Here are some of the most common complaints trainers have heard:

  • “My lapdog has pooped all over the place!” People who own toy dogs frequently experience this. Some trainers recommend teaching small dogs to use indoor potty spots similar to how cats use litter boxes. In addition to piddle pads, indoor dog potty boxes are available. Other trainers claim that you can house train a small dog if you are consistent. It might just take a little more time, though, and effort.
  • “My dog keeps peeing in the same spot where she had an accident,” says the owner. That’s most likely because you didn’t clean up the mess thoroughly, and there’s still some odor, indicating that this is a good potty spot. Make sure you have plenty of pet stain enzymatic cleaners in your new puppy supply kit and read the instructions carefully.
  • “I let her have free reign of the apartment.
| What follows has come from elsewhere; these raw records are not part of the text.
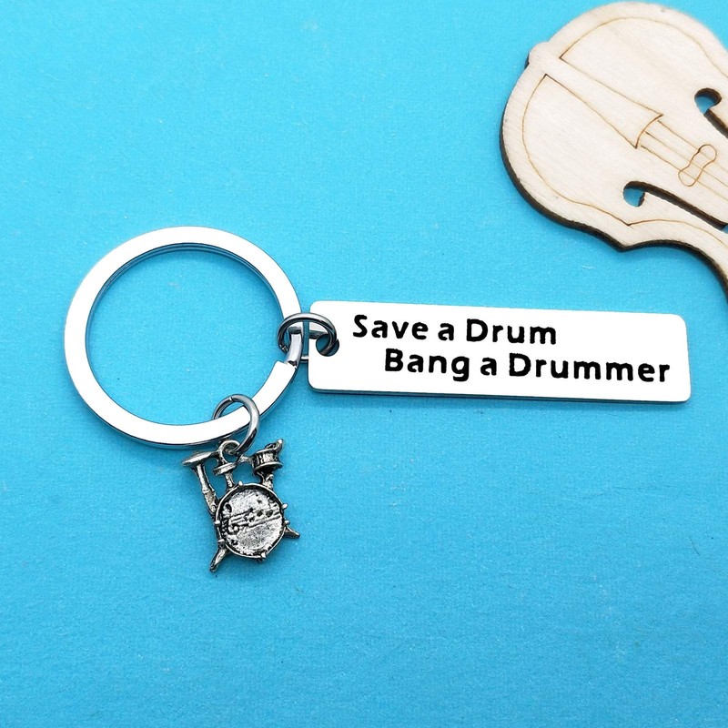- Drummer Keychain: Engraved with "Save A Drum Bang A Drummer" . Perfect drumming gift for a drumming teacher or drumming instructor or student or music lovers.
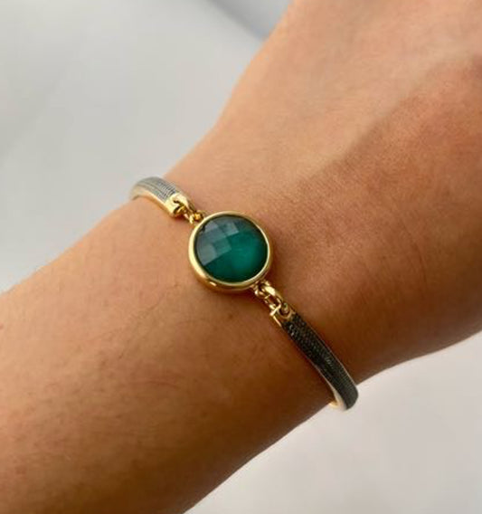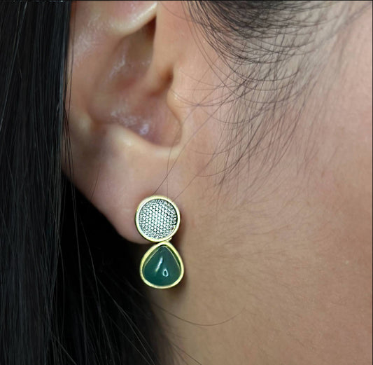 Brinco Ágata Verde Vintage Banhado Ouro 18k
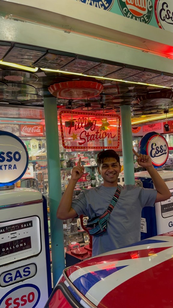 Instead, we pivoted to something Manila does very well: bar hopping in Poblacion. It’s also the red light area of the city. We tried a couple of different places, but my favourite by far was The Filling Station — a retro, American-diner-style spot with crazy décor, neon lights, vintage posters, and a super fun atmosphere. It’s one of those places where you keep noticing new details every time you look around.
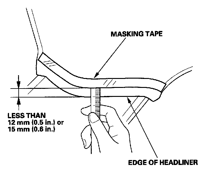 To prevent the side curtain airbag from accidentally deploying and damaged the pillar trim, the overlap between the headliner and pillar trim must be less then 15 mm (0.6 in.). To check the overlap, do this:
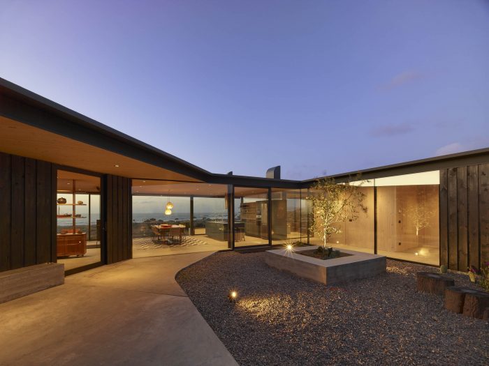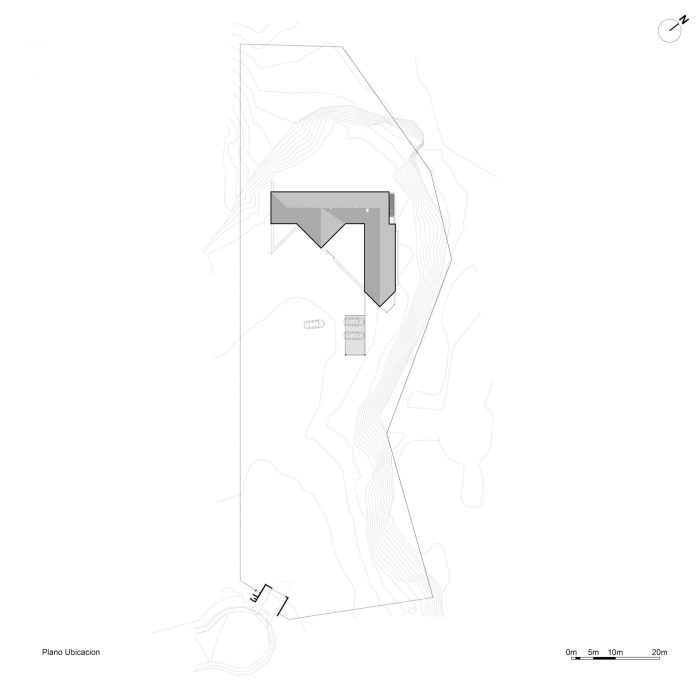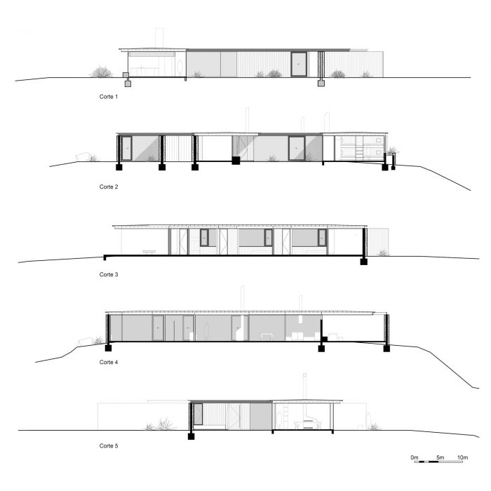 该项目被定义为一条衡量地平线的水平线。朝东,是密封的主立面,你可以通过它进入,朝西,是完全开放和透明的,房间向太平洋开放。
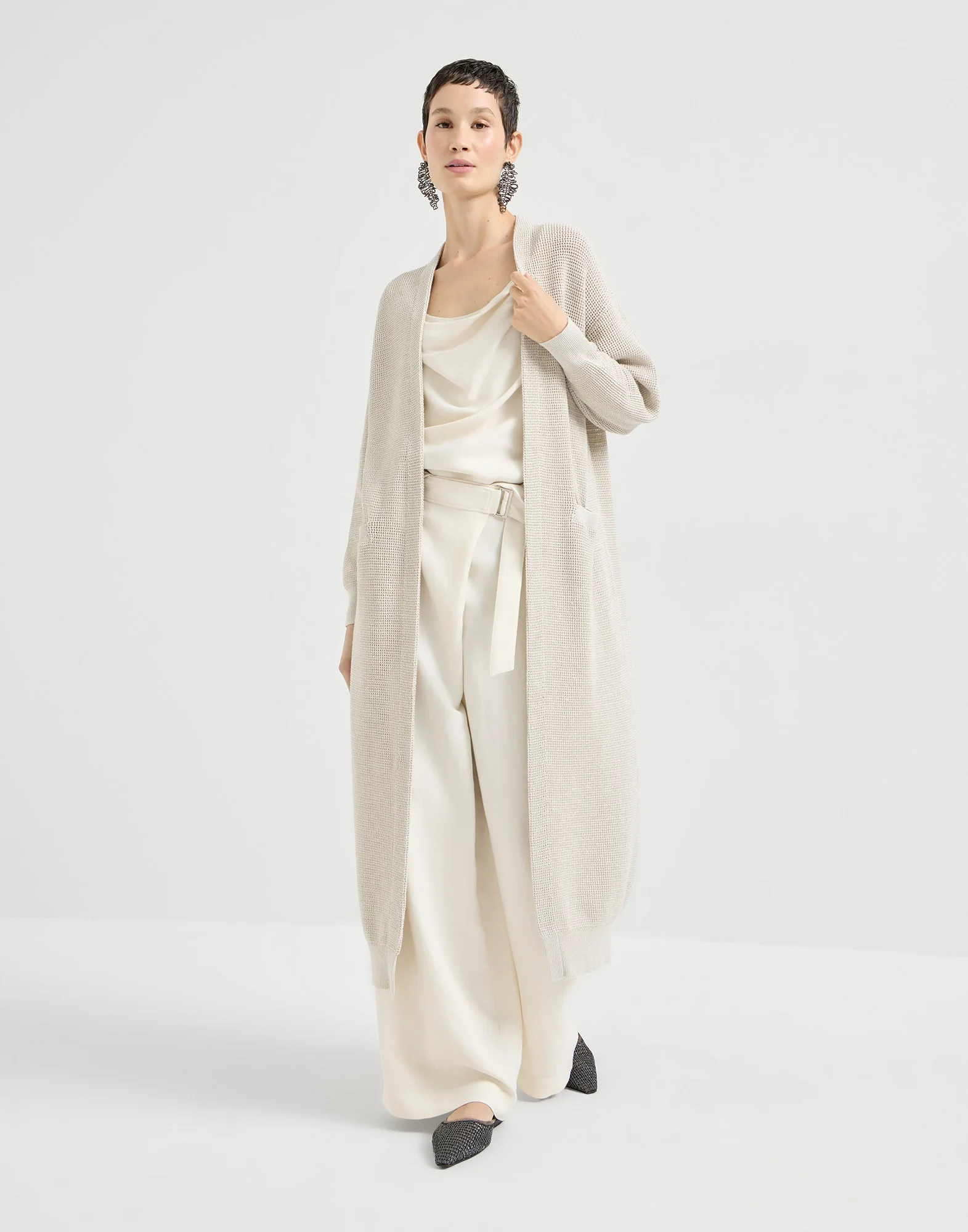 Shimmering details enhance the essential lines of this cotton sparkling net long cardigan. The surface of the soft yarn features delicate lame reflections, giving the garment a sophisticated, feminine elegance. The design’s comfortable proportions with slightly dropped shoulders and wide sleeves define the relaxed silhouette. MATERIALS The cotton yarn is soft, lightweight and breathable, making it ideal for summer and spring garments. The lame thread enriches the surface with delicate reflections. DETAILS Rib knit cuffs and bottom band Horizontal hand pockets 79% COTTON, 16% VISCOSE, 5% POLYESTER
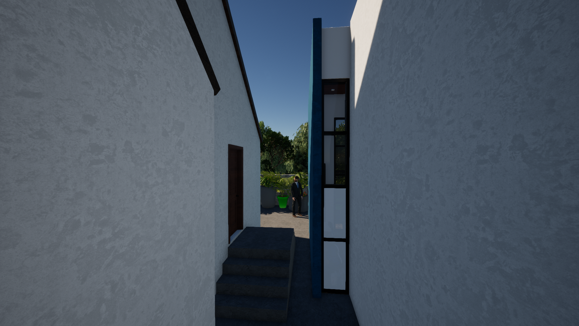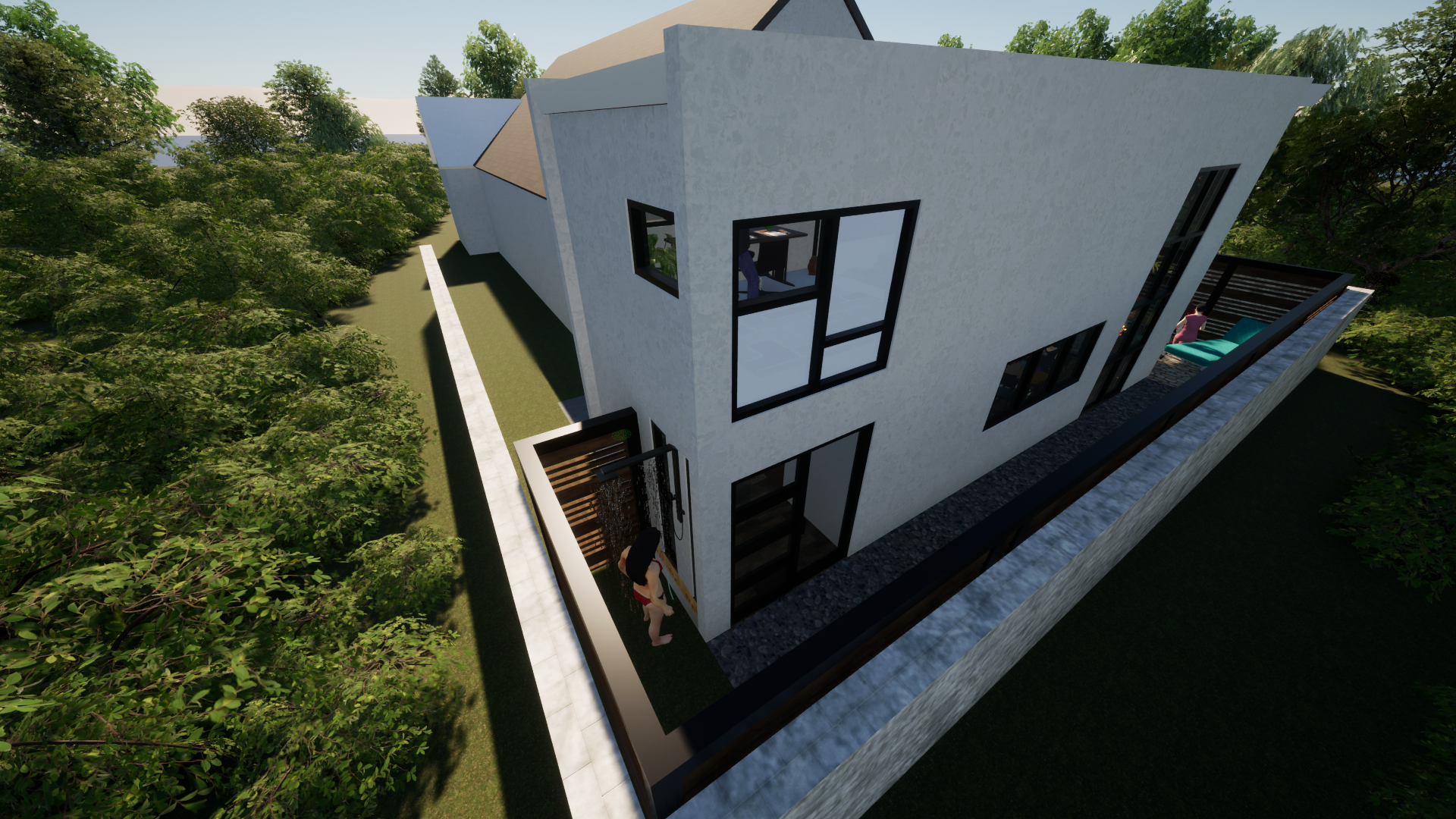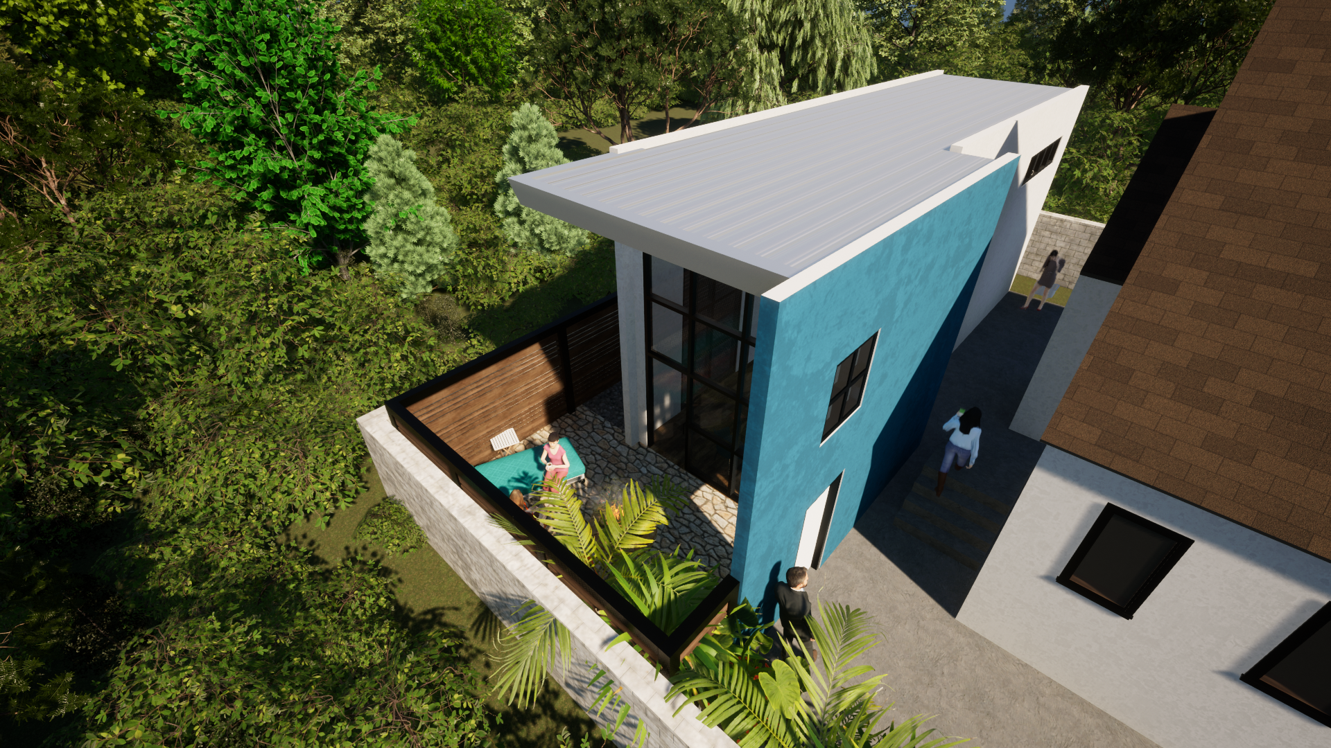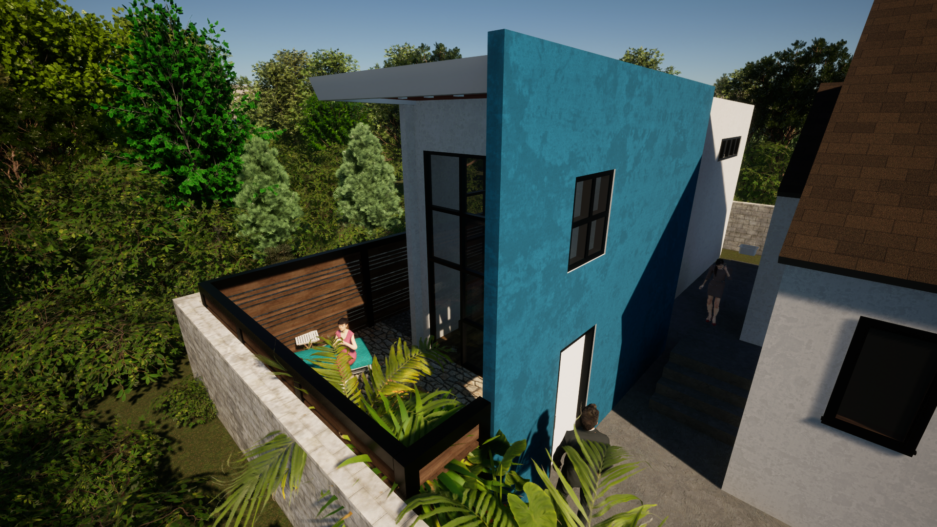 The design balances a modern architectural language with a contextual sensitivity to its surroundings. Clean lines, a restrained material palette, and carefully proportioned openings create a structure that feels contemporary while remaining grounded within the neighborhood fabric.
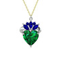 Yeşil kuvars ve lab safir 14 ayar beyaz altın kolye (40 cm gümüş rolo zincir)
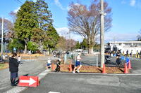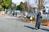 日頃から活動している縦割り班で、バトンをつないで学校周辺の周回コースを走ります。
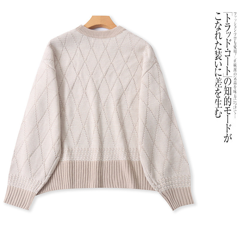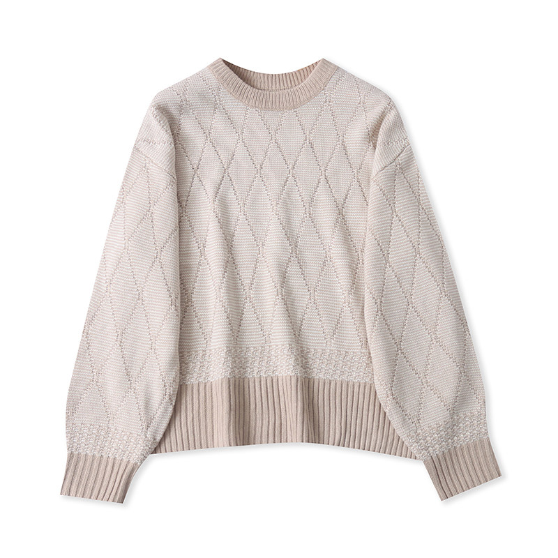 C0152外贸日单女生毛衣秋冬新款 圆领套头拼色宽松休闲百搭针织衫
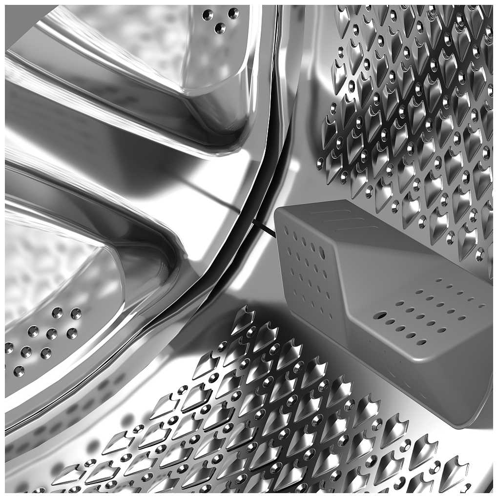- Вибрация минимальна благодаря системе балансировки барабана.
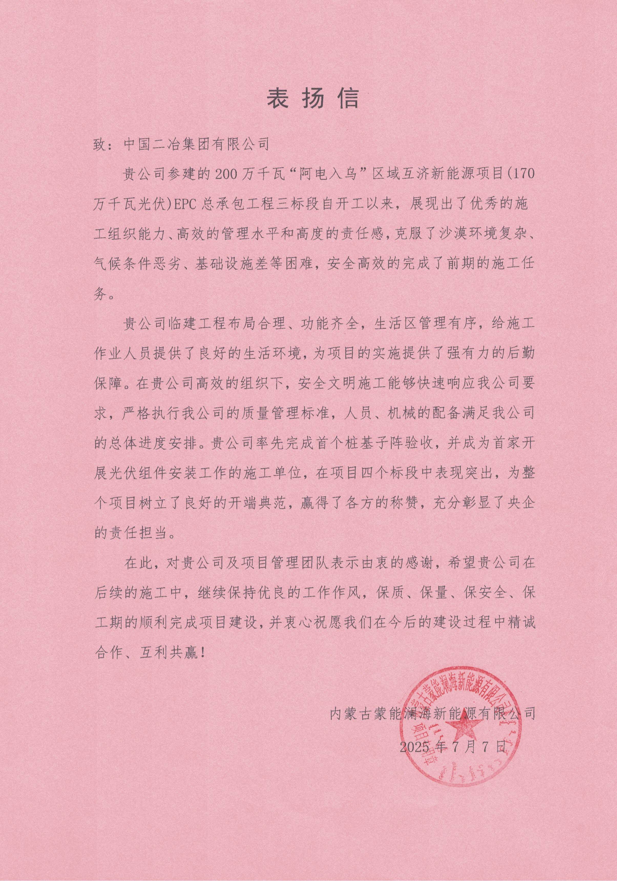 近日,中國(guó)二冶收到內(nèi)蒙古蒙能瀾海新能源有限公司表?yè)P(yáng)信,對(duì)中國(guó)二冶200 萬(wàn)千瓦“阿電入烏”區(qū)域互濟(jì)新能源項(xiàng)目(170萬(wàn)千瓦光伏)EPC總承包工程三標(biāo)段施工中的出色表現(xiàn)予以高度肯定。

There was shambles when I got home. ” This is a common error made by dog owners. They see early signs that the dog is grasping the idea and declare victory prematurely. Keep to the schedule even if the puppy is consistently doing what you want. This will ensure that good habits are ingrained.
  • “He’s defecating in his crate!” Dogs that come from pet stores, shelters or other situations where they have been confined for long periods of time and have had no choice but to eliminate in their kennels will frequently soil their crates, according to Dr. Burch. Going back to square one with crate and house training is the best approach. The steps are as follows:
  1.  Assess your dog’s bladder and bowel control when he is not in the crate.
  2. Keeping a strict diet and schedule.
  3. Include frequent trips outside after each meal, first thing in the morning, and last thing at night.
  4. If you work, think about hiring a dog walker.
  5. Clean everything thoroughly so that no odors remain.

How Long Does It Take to Potty Train A Puppy?

According to Dr. Burch, this can vary greatly. Many factors must be considered, including your age, learning history, and methods and consistency. The development of an 8-week-old puppy differs significantly from that of a 5-month-old puppy. Some puppies have perfect manners after only a few days. Others can take months, especially if the dog comes to you from a less-than-ideal situation. Most dogs, however, can learn with patience and persistence.